* [Brief] The answer must consist only of the lines from the line with "明日10月18日(金)は、本" to the line with "She is my wonder", both included, exactly as they stand below.
# # # # # # #
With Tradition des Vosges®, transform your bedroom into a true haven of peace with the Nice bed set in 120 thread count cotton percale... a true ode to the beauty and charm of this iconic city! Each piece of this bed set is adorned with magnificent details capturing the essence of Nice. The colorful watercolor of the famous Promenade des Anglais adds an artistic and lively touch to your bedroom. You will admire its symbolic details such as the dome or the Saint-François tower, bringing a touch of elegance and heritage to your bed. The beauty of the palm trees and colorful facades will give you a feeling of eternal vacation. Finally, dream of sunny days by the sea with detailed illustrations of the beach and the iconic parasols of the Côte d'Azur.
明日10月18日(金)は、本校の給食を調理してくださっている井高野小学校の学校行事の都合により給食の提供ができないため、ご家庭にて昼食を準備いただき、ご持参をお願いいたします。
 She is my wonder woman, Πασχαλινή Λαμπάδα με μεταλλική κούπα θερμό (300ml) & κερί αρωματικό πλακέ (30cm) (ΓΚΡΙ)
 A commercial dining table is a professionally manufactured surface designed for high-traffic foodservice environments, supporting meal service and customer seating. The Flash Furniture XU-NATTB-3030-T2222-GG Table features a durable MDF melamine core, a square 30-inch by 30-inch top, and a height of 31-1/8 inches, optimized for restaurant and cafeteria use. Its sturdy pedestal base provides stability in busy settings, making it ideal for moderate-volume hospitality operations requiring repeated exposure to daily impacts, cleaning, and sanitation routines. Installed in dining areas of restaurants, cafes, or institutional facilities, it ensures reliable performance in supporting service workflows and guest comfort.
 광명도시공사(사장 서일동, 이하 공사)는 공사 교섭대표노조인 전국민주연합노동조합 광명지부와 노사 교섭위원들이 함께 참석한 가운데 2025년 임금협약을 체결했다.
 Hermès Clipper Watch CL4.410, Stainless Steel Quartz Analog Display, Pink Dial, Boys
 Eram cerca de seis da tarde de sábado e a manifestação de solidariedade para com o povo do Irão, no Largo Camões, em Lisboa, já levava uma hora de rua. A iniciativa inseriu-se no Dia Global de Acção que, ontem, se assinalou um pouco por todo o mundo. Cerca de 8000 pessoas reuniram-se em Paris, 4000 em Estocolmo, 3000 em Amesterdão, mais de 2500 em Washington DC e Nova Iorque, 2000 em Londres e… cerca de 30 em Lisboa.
# # # # # # #
* [Written response]
明日10月18日(金)は、本校の給食を調理してくださっている井高野小学校の学校行事の都合により給食の提供ができないため、ご家庭にて昼食を準備いただき、ご持参をお願いいたします。
 She is my wonder woman, Πασχαλινή Λαμπάδα με μεταλλική κούπα θερμό (300ml) & κερί αρωματικό πλακέ (30cm) (ΓΚΡΙ)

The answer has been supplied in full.